Vestel'e 100 bin DVD
Akurgal'dan öğrendiğime göre Netaş'ın fabrika alanında faaliyet gösteren şirketlerin en büyüğü, ünlü Amerikan fason üreticisi Solectron'muş. Netaş'tan ayrılan 170 kişi önce bir şirket kurmuşlar, ama kısa sürede bu şirket Solectron'a iltihak etmiş. Solectron'un Netaş çatısı altındaki cirosu 100 milyon dolar. (Bir dönem Vestel'e ayda 100 bin DVD player üretilmiş)
Ben Ümraniye'deki arazi içinde Solectron diye ayrı bir tesis var zannetmiştim. Meğer fabrika alanı içinde minyatür komponentlerin yerleştirildiği 2 montaj hattının etrafını çevirip üzerine de Solectron yazmışlar, olmuş - bitmiş. Çalışanlar, fiziki olarak işyeri değiştirmeden iş değiştirmişler.

Şirket içinde şirket
Akurgal, detayları şöyle anlatıyor: "Netaş'tan bir departmanı ayırdığımız vakit, şirketleşmelerine yardımcı olmak için tazminatlarını işletme sermayesi yapmalarını sağladık. Kullandıkları cihazları, çok uzun sürede amortisman bedeli gibi ödeyecek şekilde kendilerine devrettik. Kullandıkları yazılımları bedava verdik. 2 yıl boyunca o konuda başkasına iş yaptırmayacağımızın, 2. yılın sonunda rekabete açacağımızın garantisini de verdik.
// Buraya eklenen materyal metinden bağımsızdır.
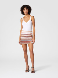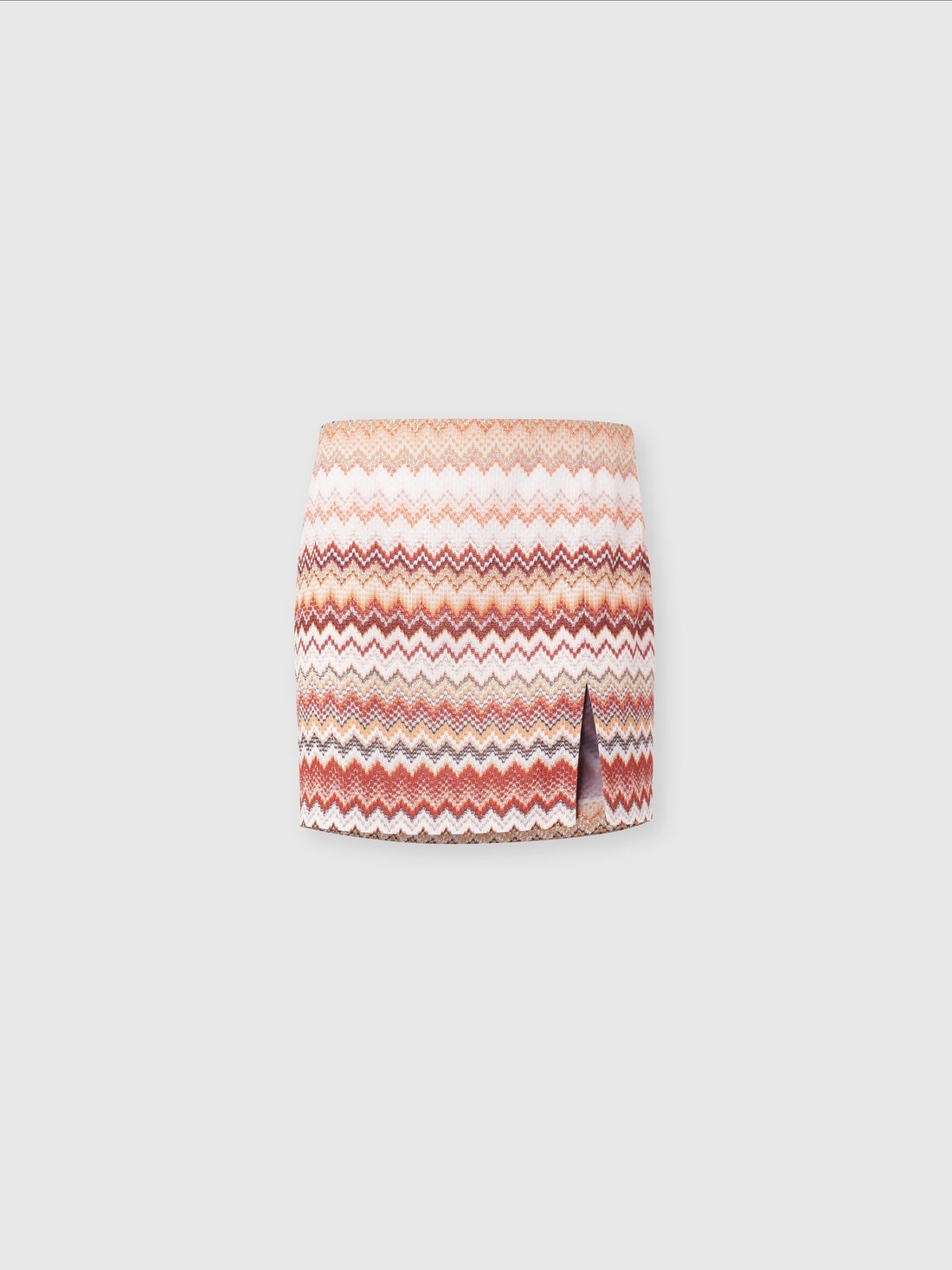 With its side slit, this serrated zigzag mini skirt shines elegantly, thanks to the touches of lame that illuminate the texture. The sophisticated and unique raschel workmanship tells the story of Missoni's passion for handcrafted knitwear, making this garment a true icon of style and craftsmanship. MORE DETAILS - Long model cardigan - Iconic serrated zigzag pattern - Lame filaments - V-neck Composition: EXTERNAL:79%Rayon, 11%Metal Fiber, 10%Polyamide; INTERNAL REINFORCEMENT:100%Polyester Care instructions: Dry cleaning in tetrachloroethene - mild process ; Hand wash ; Steam iron only ; Dry flat ; Do not tumble dry ; COOL HAND WASH ; Do not iron ; Do not bleach Made in: Italy Product ID DS25SH0DBR00ZVS10BB

Genelde departman müdürleri, genel müdür, çalışanlar da hissedar oldu."
Netaş çatısı altında bulunan Solectron dışındaki şirketler genelde telekomünikasyon teçhizatı üretiyorlarmış. Ağırlıklı olarak da Netaş'ın işlerini yapıyorlarmış (% 60). 3 ay Netaş'a çalışan, 2 ay da rakip Alcatel'e iş yapıyormuş.
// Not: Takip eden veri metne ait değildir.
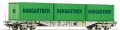 4-achsiger Containertragwagen Typ Sgns der Schweizerischen Bundesbahnen (SBB/CFF/FFS), Epoche V, in aktuellem Betriebszustand. Beladen mit 2 Wechselbrücken mit Gardinenplanen der Spedition Hangartner.
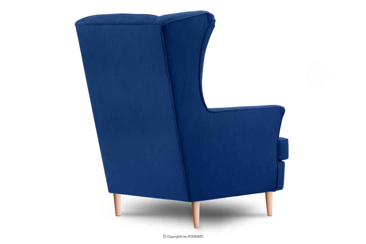 Der skandinavische marineblaue Sessel auf Beinen wird eine besondere Atmosphäre im Wohnzimmer oder Schlafzimmer schaffen. Die außergewöhnliche Farbe, weiche Linien und Elemente aus massivem Holz präsentieren sich perfekt zusammen. Er passt zu klassischen Arrangements sowie skandinavischen Stilen. Er wird sich hervorragend als Mittelpunkt des Wohnzimmers in einer auffälligen Farbe eignen. Darüber hinaus garantieren die mittelharte Sitzfläche und die optimal geformte, weiche Rückenlehne und Seiten entspannende und perfekte Erholung jeden Tag.

Başta Borusan Lojistik, Netaş çatısı altında kira ödemeden faaliyette bulunan şirketlerin sayısı ise 25'miş.

3000'den 500'e...
Netaş'ta mekanik santrallar üretilirken 3 bin olan çalışan sayısı, elektronik santrallara geçilince 1200'e, son olarak da 500'ye düşmüş. Ama tazminatlarını alarak işten ayrılanların çoğu, başka bir şirketin elemanı olarak yine aynı çatı altında çalıştığından her gün öğlenleri yemekhanede hâlâ 1200 kişi yemek yiyormuş.

Ar - Ge'de 260 kişi
Cirodaki düşüş, çalışan sayısından daha az oranda: 250 milyon doları aşkın olan ciro, şimdi 130 milyon dolar. Ve bu 130 milyon dolarlık ciroyu gerçekleştiren 500 çalışanın 260'ı Ar - Ge'ci. Aynı çatı altında kardeş şirket oluşturma yoluna gitmek yerine, Ar - Ge'nin tümünü kendi bünyelerinde tutmuşlar.
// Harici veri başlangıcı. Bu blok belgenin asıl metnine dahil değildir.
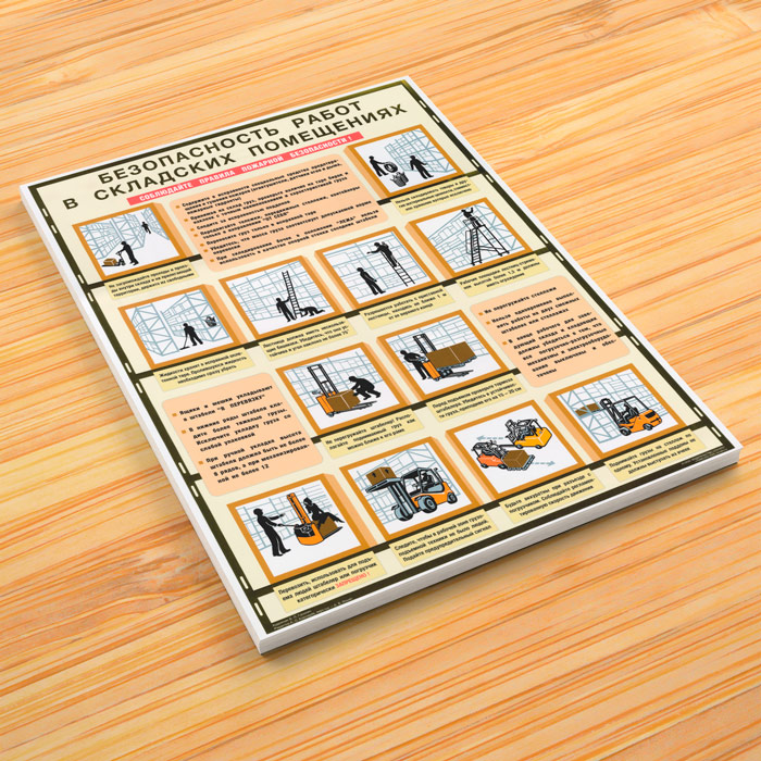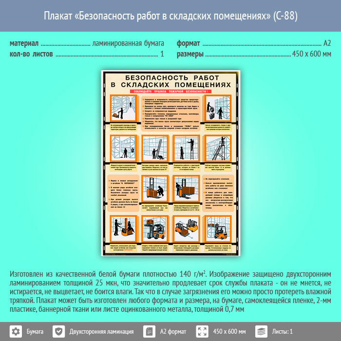 Плакат «Безопасность работ в складских помещениях» (С-88, ламинированная бумага, А2, 1 лист) в Обнинске купить

Akurgal'a göre "Türkiye'de tek bir konuya (telefona) odaklanmış daha kalabalık bir Ar - Ge grubu, bir başka şirkette yok. Vestel'in Ar - Ge'sinde 400 kişi çalışıyor, ama beyaz eşyadan televizyona kadar çok geniş bir alanda. Aselsan'daki 300 civarındaki Ar - Ge mühendisi de gece görüş dürbünü ve füze rampasından telsize kadar çok geniş bir sanayi alanına bakıyorlarmış."